Auch neue kommunale Abgaben, etwa auf Verpackungen, oder die deutliche Erhöhung von Kurabgaben in vielen Tourismusorten im Norden sehen auf den ersten Blick wie eine kommunale Einnahmeerhöhung aus, treffen jedoch den lokalen Handel: „Gäste, die mehr für ihren Urlaubsaufenthalt zahlen müssen, bleiben ganz aus oder sind kürzer vor Ort und geben am Ende weniger im Laden um die Ecke aus. Für unseren Handel, der ohnehin mit steigenden Kosten kämpft, zählt deshalb jeder Euro an Kaufkraft. Will man die Ortszentren nicht weiter schwächen, sind auch die Kommunen gut beraten, bei Entscheidungen über die Erhöhung von Kurabgaben oder bei Einführung weiterer neuer Abgaben ebenfalls die Kaufkrafteffekte für den lokalen Handel im Blick zu behalten“, warnt Kristin Just, Geschäftsführerin des Verbands in Mecklenburg-Vorpommern.

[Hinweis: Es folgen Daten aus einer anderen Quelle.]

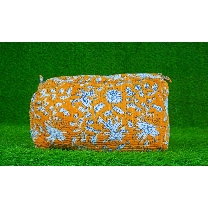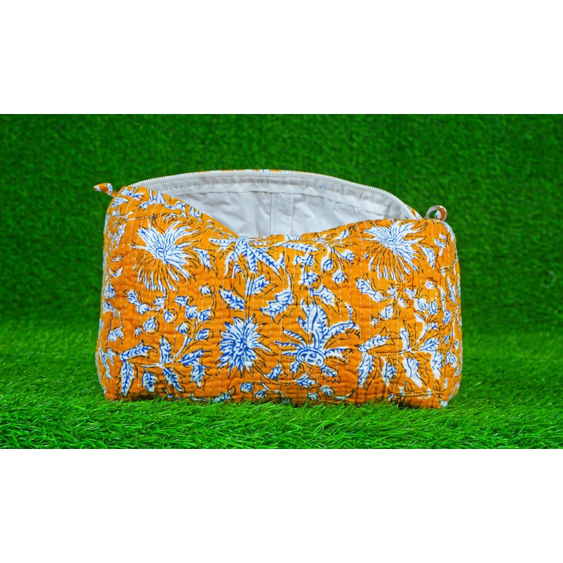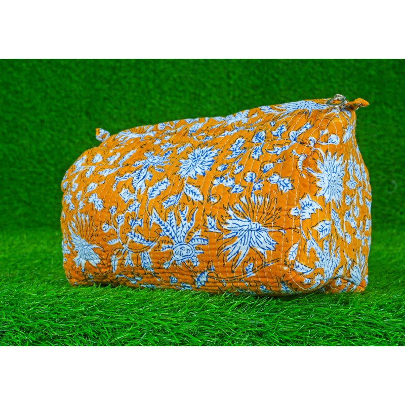 Generic Pieces Indian Handmade Cotton Quilted Handmade Floral Hand Block Print Toiletry Bag,Cosmetic Pouch Bag Makeup Bag For Women (1, Orange C), 85485

Klare Erwartung an die Politik
Der Handelsverband Nord richtet daher einen eindringlichen Appell an die Politik: Die aktuelle Diskussion um Steuer- und Abgabenerhöhungen muss gestoppt werden. Weitere belastende Maßnahmen wären nicht nur wirtschaftspolitisch kontraproduktiv, sondern gefährden aktiv Konsum, Arbeitsplätze und die Zukunft vieler Innenstädte und Ortszentren. „Was wir jetzt brauchen, ist kein Drehen an der Abgabenschraube, sondern ein klares Signal für Entlastung, Stabilität und Vertrauen. Wer den Konsum stärkt, stärkt auch unsere Innenstädte, Arbeitsplätze und die regionale Wirtschaft“, appelliert Dierk Böckenholt an die politischen Entscheidungsträger. Der Fokus der Politik richte sich leicht und schnell auf die Einnahmeseite. Im Vordergrund müsse aber mehr denn je das Ausgabeverhalten der öffentlichen Hand stehen, so der Verbandschef abschließend.